Agência UFC

Meio ambiente

Pesquisadores reúnem estudos sobre impactos do vazamento de óleo no Nordeste

Em artigo de revisão publicado em periódico internacional, pesquisadores apontam o alcance do vazamento e identificam lacunas a serem preenchidas

Ingestão de óleo, alterações nas proporções de sexo e tamanho, anormalidades em larvas e ovos, alterações comportamentais, aumento de mortalidade… Esses são alguns dos impactos observados em espécies marinhas como consequência do vazamento de óleo que atingiu o litoral brasileiro em 2019 e 2020, um dos maiores crimes ambientais da história do País.
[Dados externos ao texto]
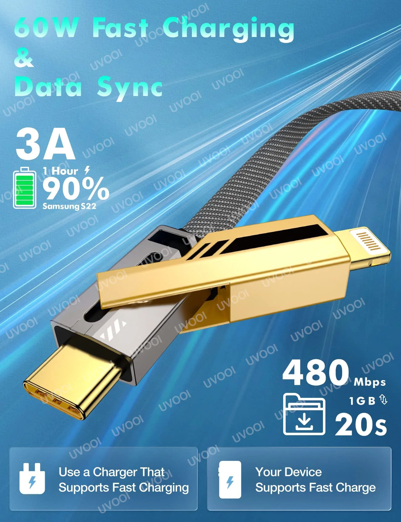 �� [Carga rápida de 60W y transferencia de datos] Este cable de cargador proporciona hasta 60W de salida. El teléfono se puede cargar hasta 60% en 30 minutos. Además, el cable de carga también admite transferencia de datos, la transferencia de archivos 1G tarda solo 20 segundos. Ahorra dos horas de tiempo de carga al día.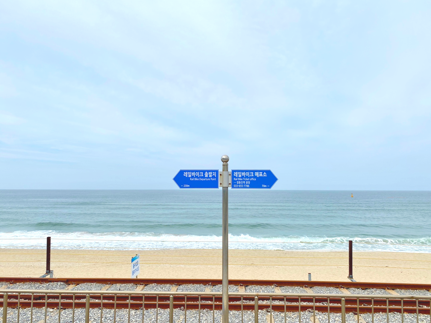 기차에서 내리면 바로 바다가 보였고, 레일바이크 매표소로 가는 화살표가 있었어요. 레일바이크 타는 곳과 매표소가 반대방향이기 때문에 잘 보시고 가세요. 저희는 기차에서 내려서 레일바이크 매표소로 이동했어요. 레일바이크 매표소는 정동진 기차역 밖에 위치하고 있어요.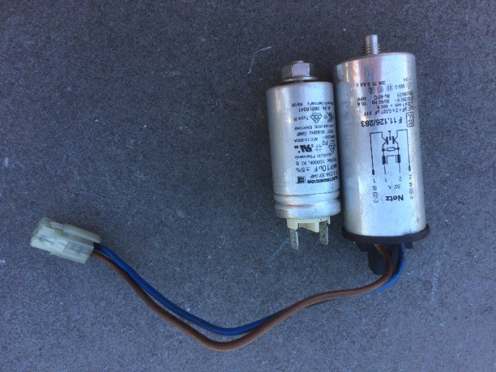 Condensator wasmashine Bosch/Siemens, e.a. motoralu. Electronicon condensator E12.C58-30104F (10uf max 300 V.) 5,-€alu. Netz condensator F11.126/283 (0,47uf + 2 x 0,027uf) 20,-€samen 22 euro+32495577180
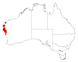 This species of wattle is native to an area along the west coast of Western Australia from near Shark Bay to the Murchison River and near Cape Cuvier where it grows in sand or sandy clay on sandplains or sand dunes in tall, dense shrubland[3] in the Carnarvon, Geraldton Sandplains and Yalgoo bioregions.[3][6][5]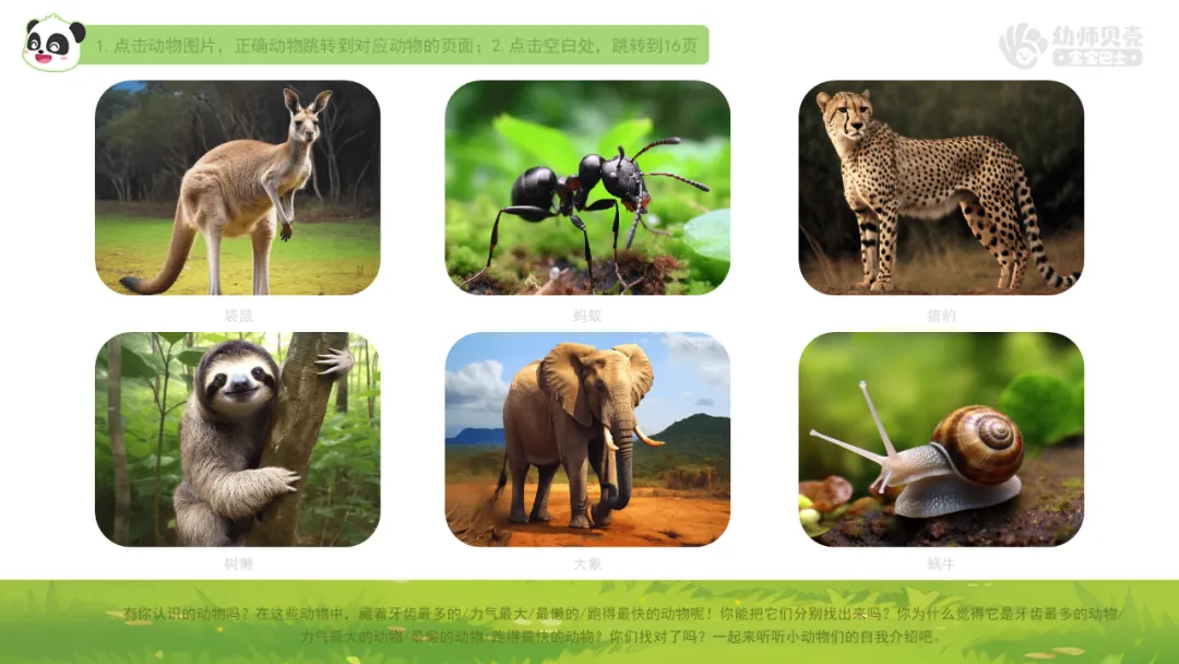 l游戏互动方式,探索陆地、海洋、鸟类中的部分动物之“最”。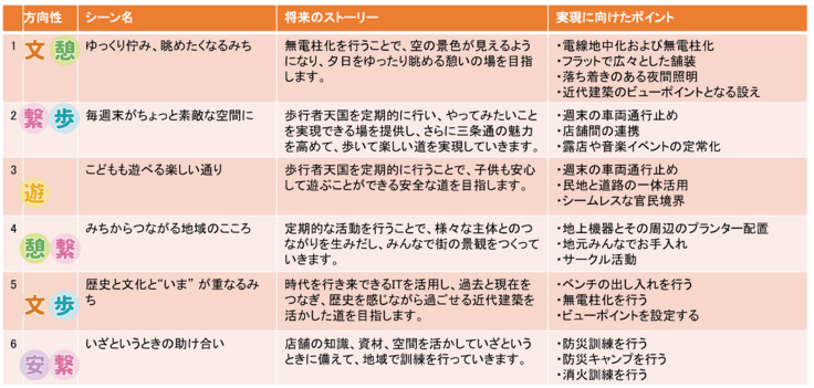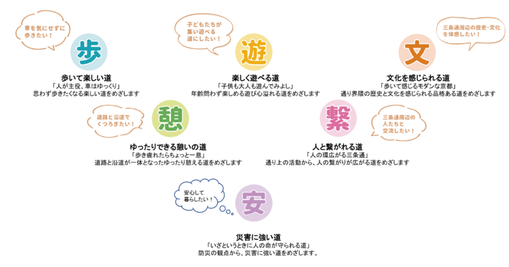 【三条通のみちづくりにおける6つの方向性】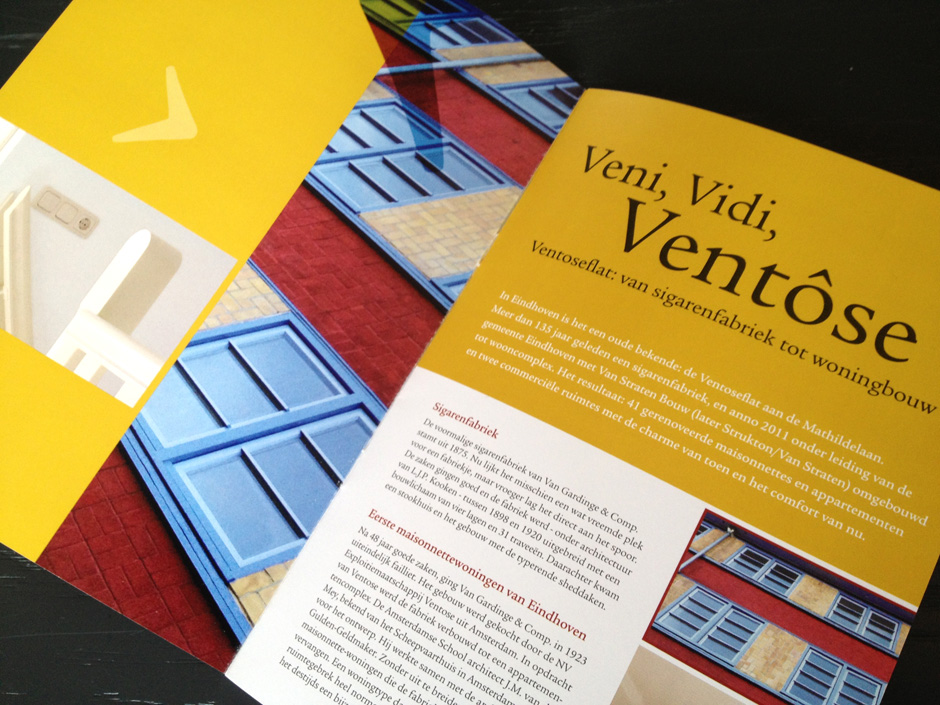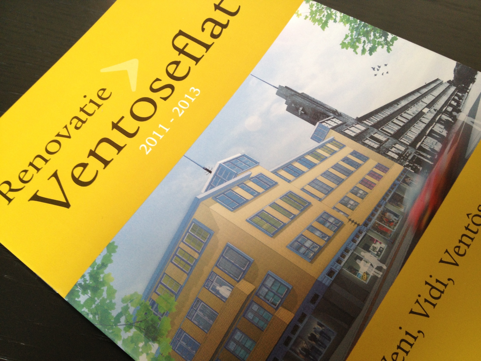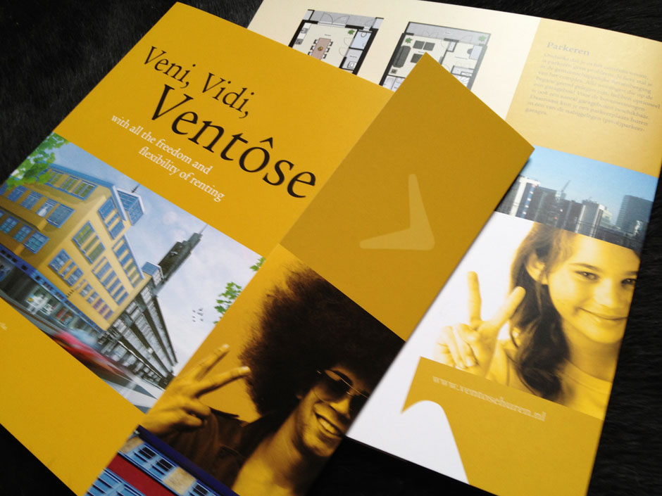 De eerste uiting voor de promotie ten behoeve van huurwoningen in de gerenoveerde Ventôse flat: Veni, Vidi, Ventôse ‘met alle vrijheid van huren’.
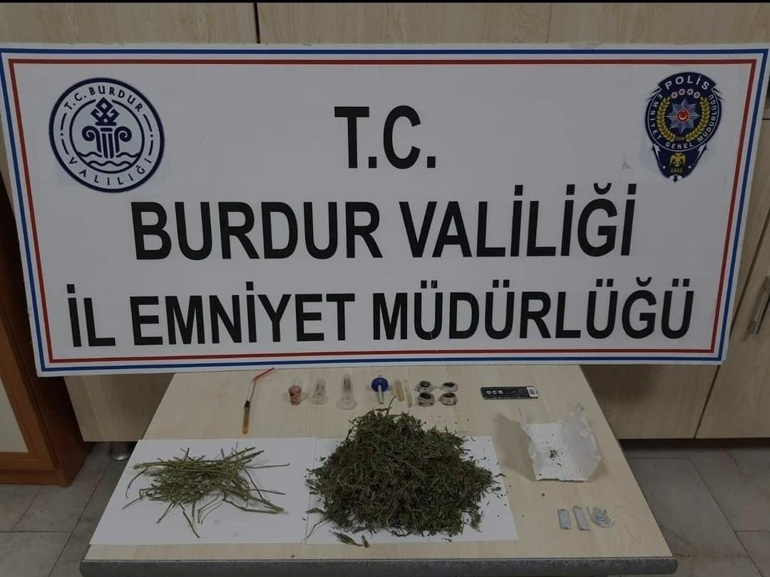 Burdur’da polis ekiplerinin zehir tacirlerine yönelik düzenlediği operasyonda üst araması yapılan bir kişide polis rozeti bulundu.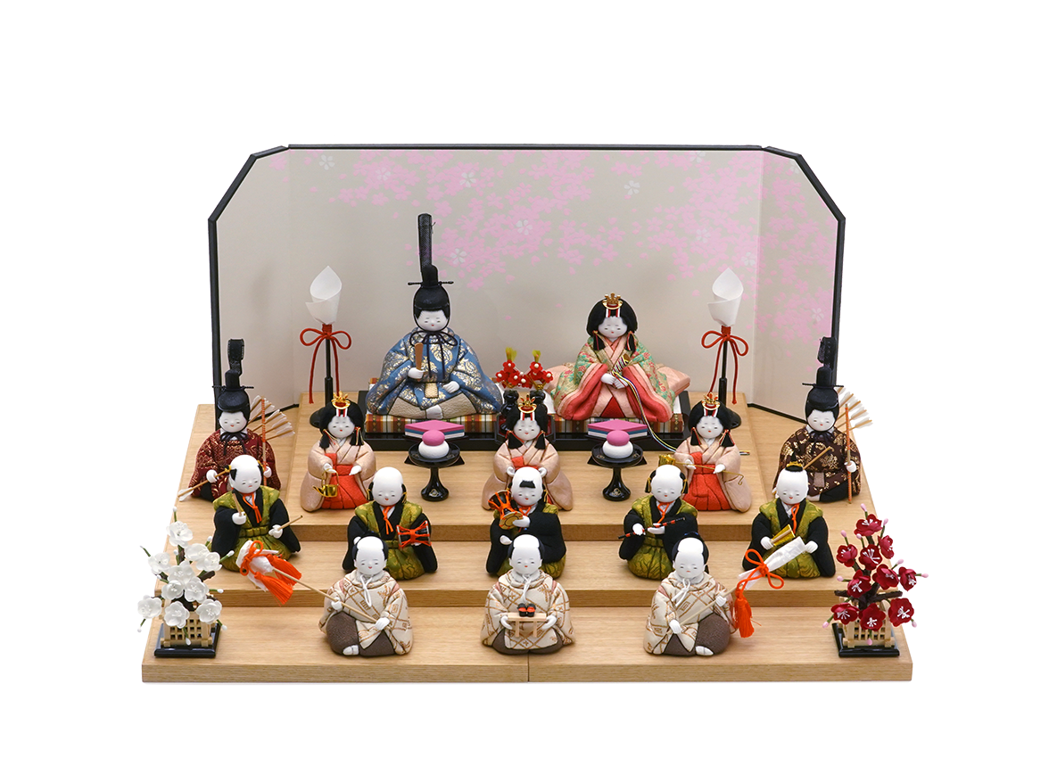 木目込み人形だからこそ演出できる小さく、コンパクトな世界によって桃の節句が待ち遠しくなる雛飾りです。殿姫の下ほほがふくらみを帯びたお顔だちは、いとけなくも純真無垢で麗しい赤ちゃんの一面と、成長の末、気品あふれる姿となるお子様の未来の姿が込められています。見ているこちらが思わずほほえんでしまうお顔は、五色・原孝洲特有の愛らしさです。三人官女は、香り立つ品格の中に親王様へお仕えし、見護るにふさわしい慈愛で満ちています。三人の方々は独特のお道具を携えます。向かって右は「長柄銚子」(ながえのちょうし)、中央は「三方」(さんぽう)を、左には「加銚子」(くわえのちょうし)を手にします。いずれも宮中でのおつとめや行事に由来し、雛人形の華やかでいながら厳かな雰囲気を増します。中段の五人囃子は、昔の幼児の髪型をうつしとった五色・原孝洲独自の髪型に愛嬌があります。向かって右より、謡(うたい)、笛、小鼓(こつづみ)、大鼓(おおつづみ)、太鼓(たいこ)の順で、神事に通じる能舞台を見るような味わいがあります。随身は親王の護衛を司り、最下段の仕丁たちは貴人のお供をする大切な方々です。とりわけてこちらの15人飾り最大の特徴は、贅沢に全員へ高級絹織物の龍村裂の布地を着せつけたことです。ツヤを含んだ美しい衣装には、はるか昔シルクロードを通じ日本へ伝わった草花柄が盛り込まれております。飾り段はセパレート式の平台を積み重ねて三段にする簡単にセッティングできる仕組みなので、成長されたお子様が自身で楽しそうにお人形をお飾りする姿が目に浮かぶようです。お選びいただいた飾り段に、シンプルなデザインの屏風をお飾りいただくセットです。雛人形の花形である15人全員が、素敵なひな祭りの世界へいざなってくれるでしょう。
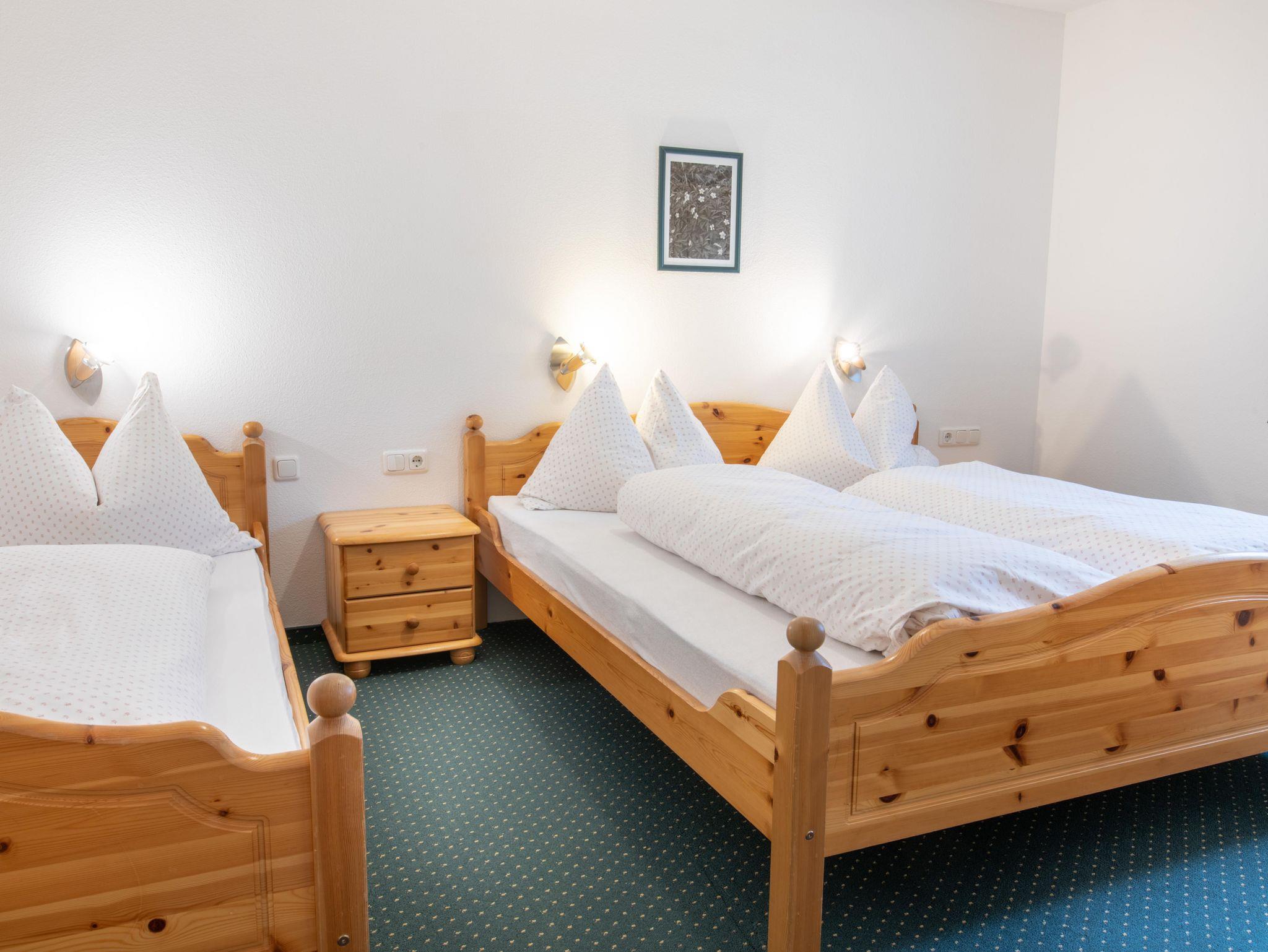 Unser Appartement bietet 1 Doppel- und 1 Dreibettzimmer (jeweils mit Sat-TV), eine Wohnküche mit Schlafcouch und Sat-TV sowie Bad mit WC und ein WC separat. Eigener Balkon auf die Süd- und Nordseite. Im gesamten Appartementhaus haben Sie gratis W-Lan.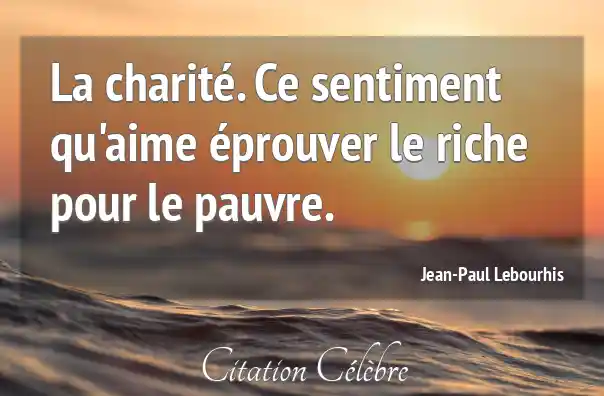 La charité. Ce sentiment qu'aime éprouver le riche pour le pauvre.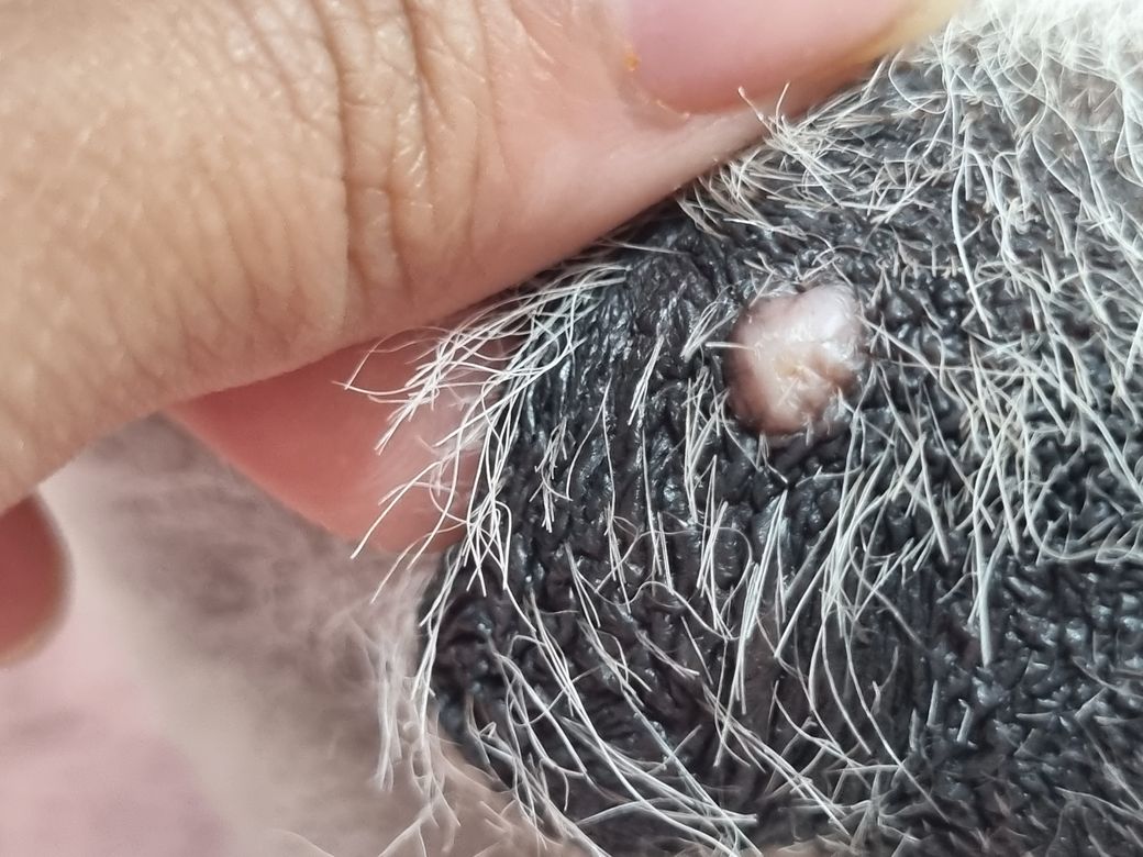작년에 미용하고 강아지 고환 표면에 분홍색 덩어리가 있는 것을 확인했습니다.

Isso é o que aponta recente estudo do Instituto de Ciências do Mar (LABOMAR) da Universidade Federal do Ceará, em parceria com a Universidade Federal Rural do Semiárido (UFERSA), publicado no periódico internacional Marine Environmental Research. O artigo de revisão reúne alguns dos principais achados de pesquisas que se debruçaram sobre o vazamento.

Ao todo, o óleo atingiu 11 estados brasileiros, principalmente no Nordeste do País, e as consequências do derramamento mesmo hoje são sentidas, sobretudo pela população litorânea. Quatro anos depois, o trabalho dos pesquisadores buscou elencar essas consequências e apontar quais lacunas ainda devem ser preenchidas sobre o caso do ponto de vista ambiental e científico.

O artigo aponta que 10 diferentes ecossistemas foram atingidos pelo óleo, sendo os principais: estuários (4.929,74 km² de área atingida), florestas de mangue (489,83 km²), prados de ervas marinhas (324,77 km²), praias (185,30 km²), planícies de maré (63,64 km²), corais de águas profundas (45,95 km²) e corais de águas rasas (9,69 km²).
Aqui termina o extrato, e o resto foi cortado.